** ACTIVITY **
Give the data below again exactly as it stands. Omit the pictures.
** GIVEN INFORMATION follows **
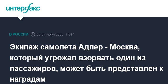 Экипаж самолета Адлер - Москва, который угрожал взорвать один из пассажиров, может быть представлен к наградам
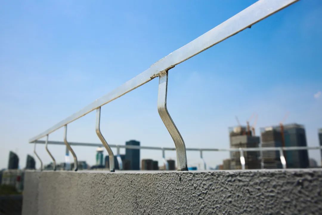 在屋面设备层,避雷带扁钢搭接符合规范要求,造型与墙外沿平齐,充分满足安全功能性。室外管道穿墙处采用金属装饰板封堵,缝隙打胶密实,满足功能性的同时提高了观感质量。
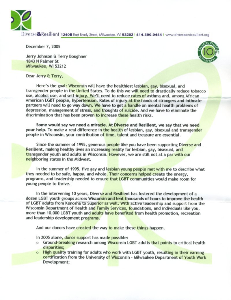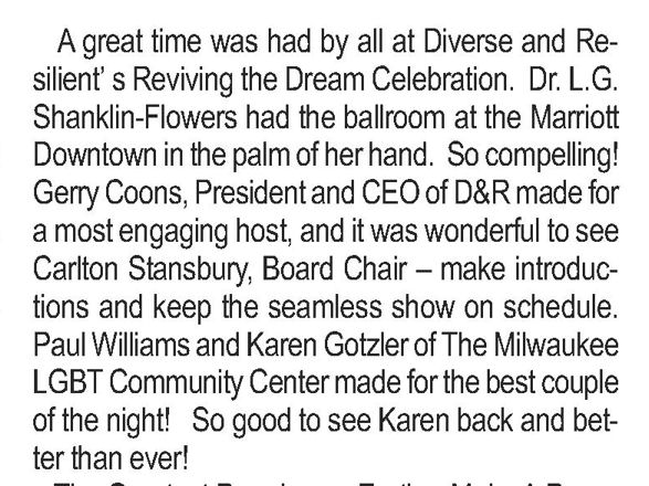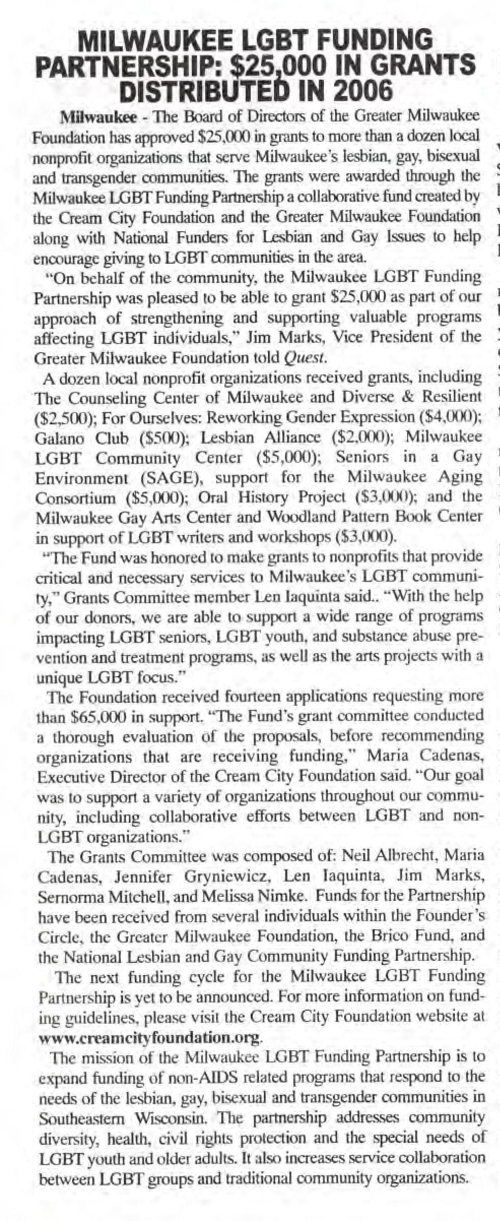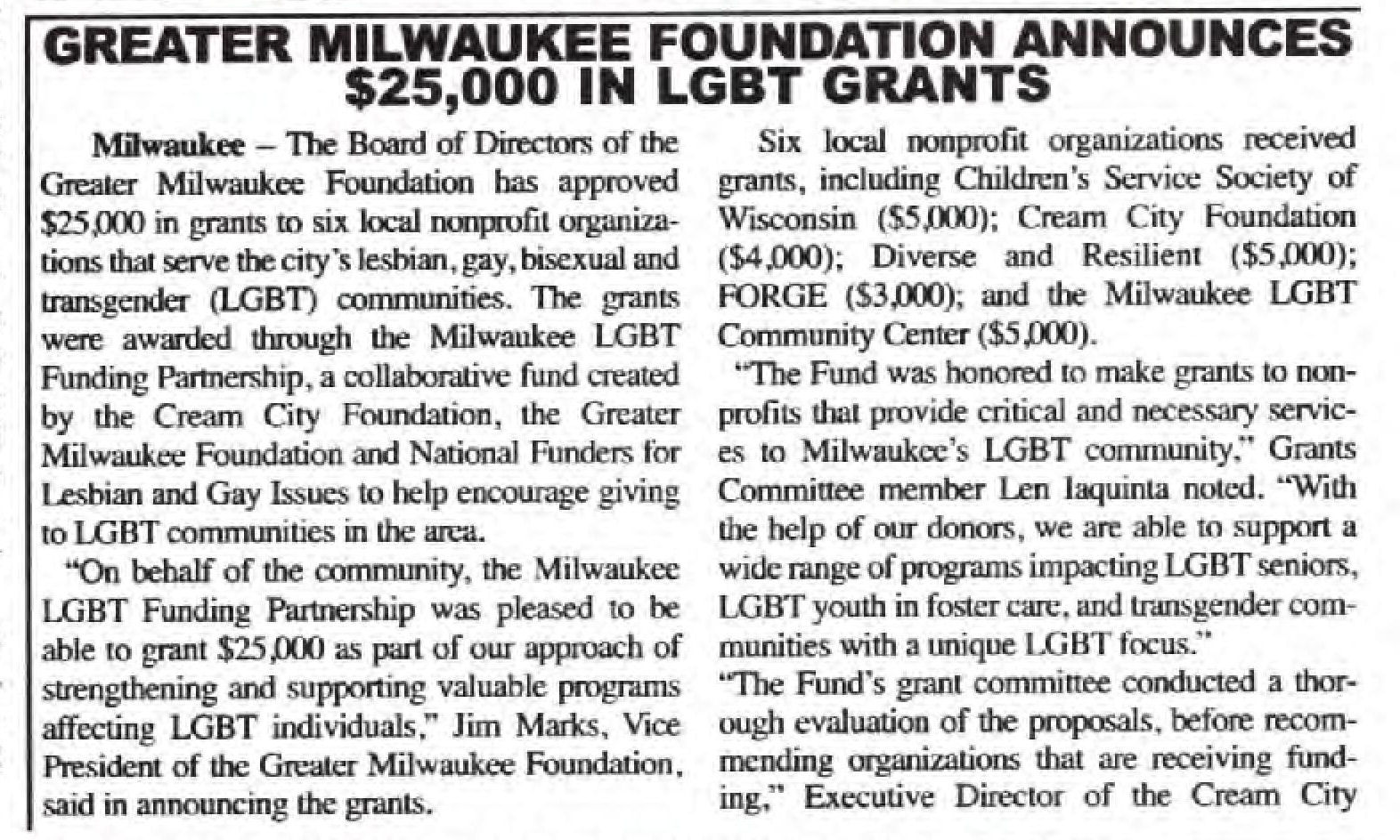 Greater Milw Foundation (through Milw LGBT Funding Partnership) awards $5,000 grant to D&R
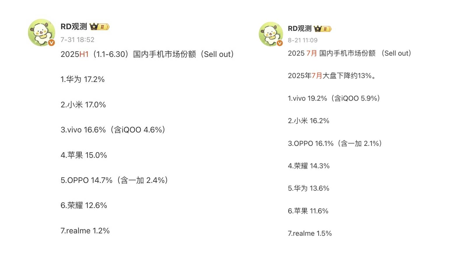 昨天有粉丝问前8个月的手机榜单,今天它来了,不过数据还是需要严谨一下,这是2025年前34周(14.12.30-15.8.24)。为了更严谨,亓纪附上了W35(8.25-8.31)榜单,结合具体数据来看的话,对榜单排名几乎没有任何影响,以下是榜单的详细内容。
** End of GIVEN INFORMATION **
** RESULT BELOW **
 Экипаж самолета Адлер - Москва, который угрожал взорвать один из пассажиров, может быть представлен к наградам
 在屋面设备层,避雷带扁钢搭接符合规范要求,造型与墙外沿平齐,充分满足安全功能性。室外管道穿墙处采用金属装饰板封堵,缝隙打胶密实,满足功能性的同时提高了观感质量。
 Greater Milw Foundation (through Milw LGBT Funding Partnership) awards $5,000 grant to D&R
 昨天有粉丝问前8个月的手机榜单,今天它来了,不过数据还是需要严谨一下,这是2025年前34周(14.12.30-15.8.24)。为了更严谨,亓纪附上了W35(8.25-8.31)榜单,结合具体数据来看的话,对榜单排名几乎没有任何影响,以下是榜单的详细内容。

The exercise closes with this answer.